The problem ->
Please reproduce the listing in its entirety, exactly as written, but without images.

Segment Start: The data

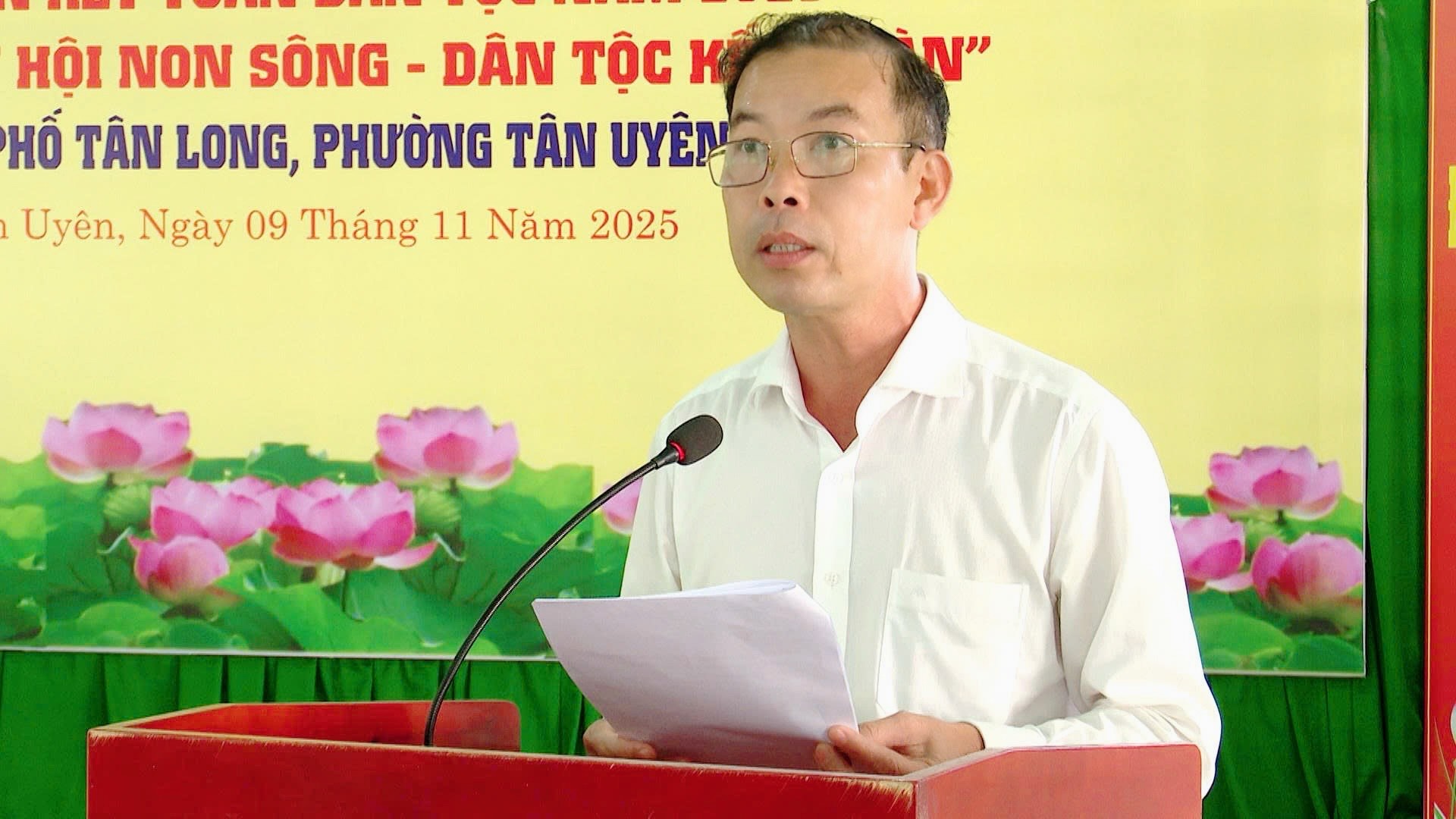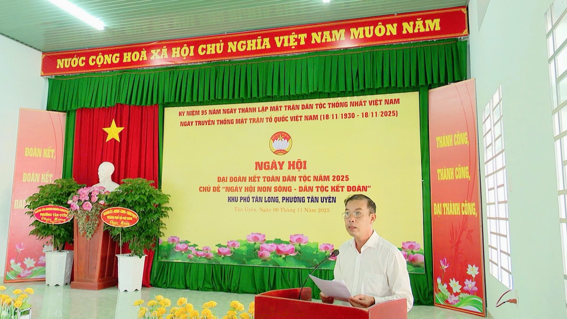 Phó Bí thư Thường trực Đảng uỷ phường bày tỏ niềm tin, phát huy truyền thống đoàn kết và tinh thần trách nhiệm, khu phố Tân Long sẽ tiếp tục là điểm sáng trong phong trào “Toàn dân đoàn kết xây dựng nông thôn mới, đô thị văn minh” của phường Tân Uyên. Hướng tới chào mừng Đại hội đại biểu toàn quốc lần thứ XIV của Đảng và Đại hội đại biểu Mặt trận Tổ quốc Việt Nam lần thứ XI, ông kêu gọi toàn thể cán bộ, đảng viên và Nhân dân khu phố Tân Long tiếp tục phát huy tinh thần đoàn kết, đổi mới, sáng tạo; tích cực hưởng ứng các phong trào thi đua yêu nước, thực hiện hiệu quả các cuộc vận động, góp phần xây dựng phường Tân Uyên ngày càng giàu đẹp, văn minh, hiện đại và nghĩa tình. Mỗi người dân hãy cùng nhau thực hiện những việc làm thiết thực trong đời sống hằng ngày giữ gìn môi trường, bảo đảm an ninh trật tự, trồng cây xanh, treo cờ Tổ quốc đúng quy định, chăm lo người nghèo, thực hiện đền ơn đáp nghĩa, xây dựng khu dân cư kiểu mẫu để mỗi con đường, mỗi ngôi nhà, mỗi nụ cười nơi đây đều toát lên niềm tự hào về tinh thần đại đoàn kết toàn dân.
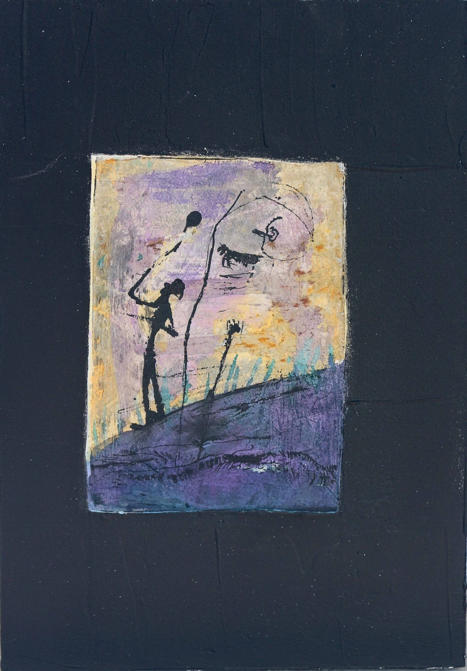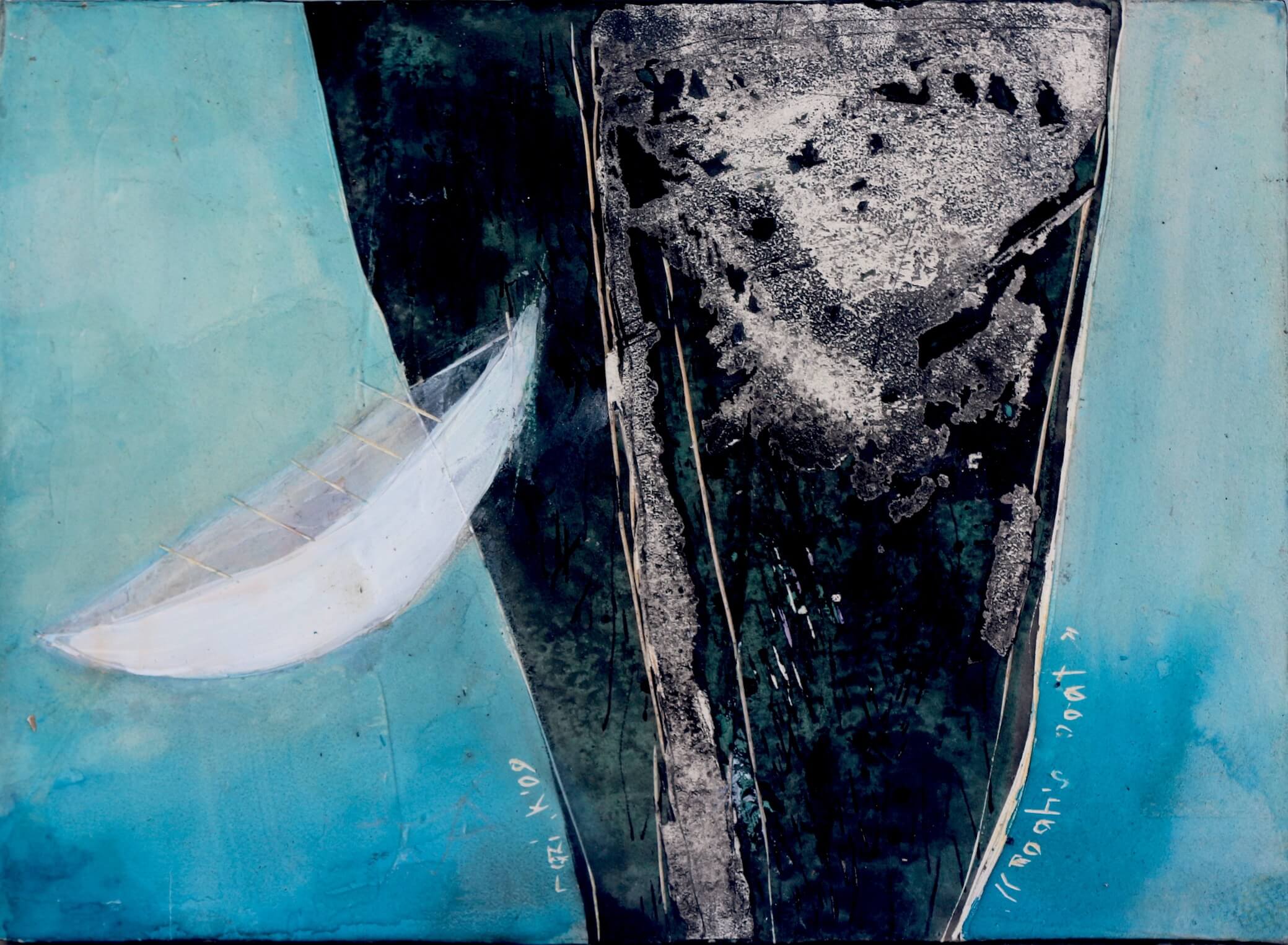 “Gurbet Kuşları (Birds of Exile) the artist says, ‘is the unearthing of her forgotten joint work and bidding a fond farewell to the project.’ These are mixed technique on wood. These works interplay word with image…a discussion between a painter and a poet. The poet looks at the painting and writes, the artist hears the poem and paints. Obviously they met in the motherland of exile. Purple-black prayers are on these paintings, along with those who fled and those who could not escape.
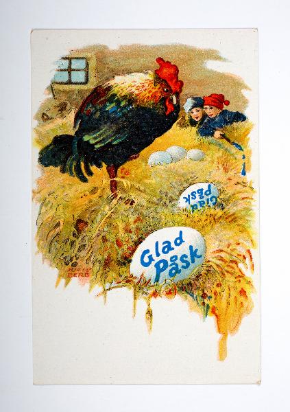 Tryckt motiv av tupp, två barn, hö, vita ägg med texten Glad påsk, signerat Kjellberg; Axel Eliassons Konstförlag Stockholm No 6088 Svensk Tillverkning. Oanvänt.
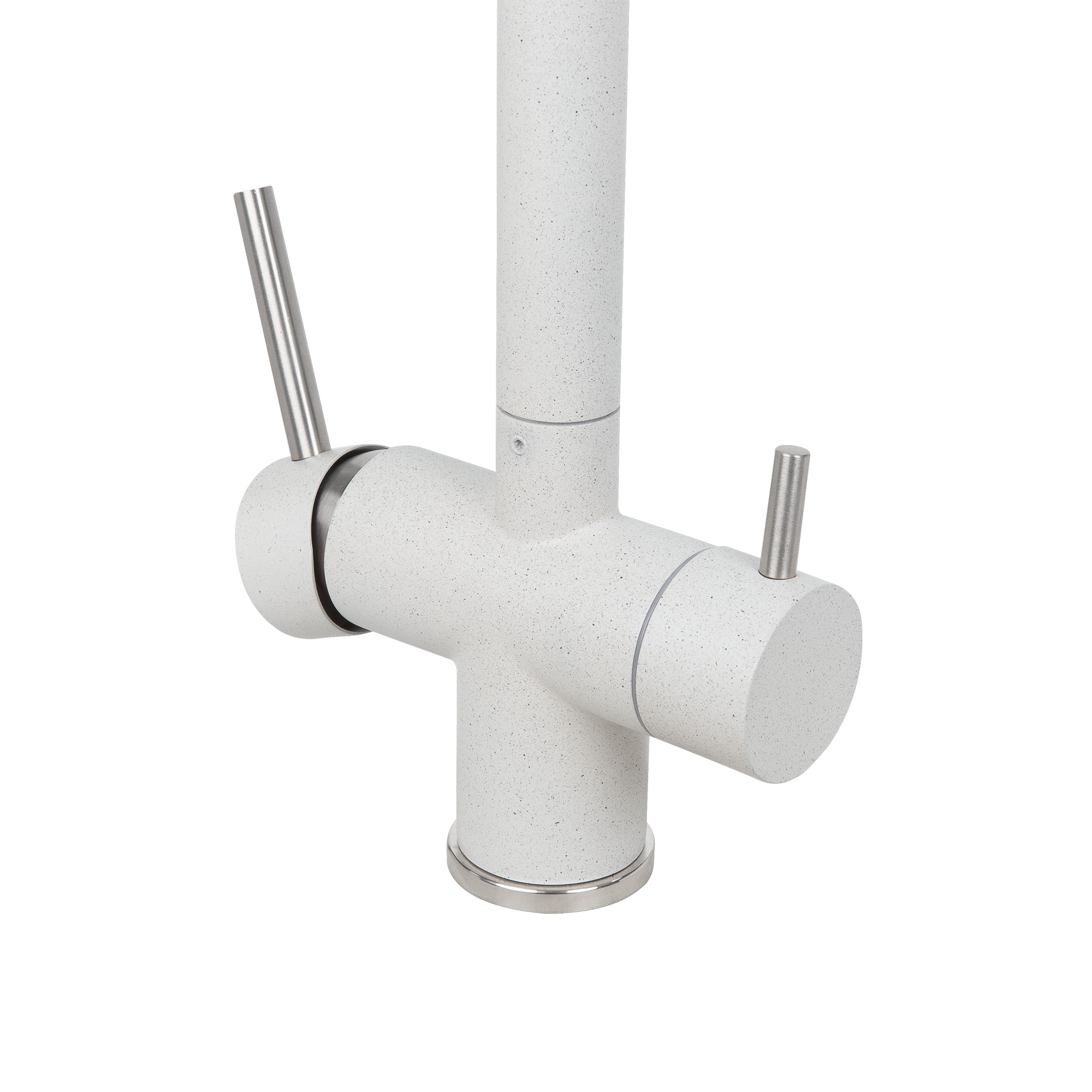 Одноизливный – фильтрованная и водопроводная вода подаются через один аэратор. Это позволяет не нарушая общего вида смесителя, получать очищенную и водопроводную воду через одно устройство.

Segment End: The data

Result ->
 Phó Bí thư Thường trực Đảng uỷ phường bày tỏ niềm tin, phát huy truyền thống đoàn kết và tinh thần trách nhiệm, khu phố Tân Long sẽ tiếp tục là điểm sáng trong phong trào “Toàn dân đoàn kết xây dựng nông thôn mới, đô thị văn minh” của phường Tân Uyên. Hướng tới chào mừng Đại hội đại biểu toàn quốc lần thứ XIV của Đảng và Đại hội đại biểu Mặt trận Tổ quốc Việt Nam lần thứ XI, ông kêu gọi toàn thể cán bộ, đảng viên và Nhân dân khu phố Tân Long tiếp tục phát huy tinh thần đoàn kết, đổi mới, sáng tạo; tích cực hưởng ứng các phong trào thi đua yêu nước, thực hiện hiệu quả các cuộc vận động, góp phần xây dựng phường Tân Uyên ngày càng giàu đẹp, văn minh, hiện đại và nghĩa tình. Mỗi người dân hãy cùng nhau thực hiện những việc làm thiết thực trong đời sống hằng ngày giữ gìn môi trường, bảo đảm an ninh trật tự, trồng cây xanh, treo cờ Tổ quốc đúng quy định, chăm lo người nghèo, thực hiện đền ơn đáp nghĩa, xây dựng khu dân cư kiểu mẫu để mỗi con đường, mỗi ngôi nhà, mỗi nụ cười nơi đây đều toát lên niềm tự hào về tinh thần đại đoàn kết toàn dân.
 “Gurbet Kuşları (Birds of Exile) the artist says, ‘is the unearthing of her forgotten joint work and bidding a fond farewell to the project.’ These are mixed technique on wood. These works interplay word with image…a discussion between a painter and a poet. The poet looks at the painting and writes, the artist hears the poem and paints. Obviously they met in the motherland of exile. Purple-black prayers are on these paintings, along with those who fled and those who could not escape.
 Tryckt motiv av tupp, två barn, hö, vita ägg med texten Glad påsk, signerat Kjellberg; Axel Eliassons Konstförlag Stockholm No 6088 Svensk Tillverkning. Oanvänt.
 Одноизливный – фильтрованная и водопроводная вода подаются через один аэратор. Это позволяет не нарушая общего вида смесителя, получать очищенную и водопроводную воду через одно устройство.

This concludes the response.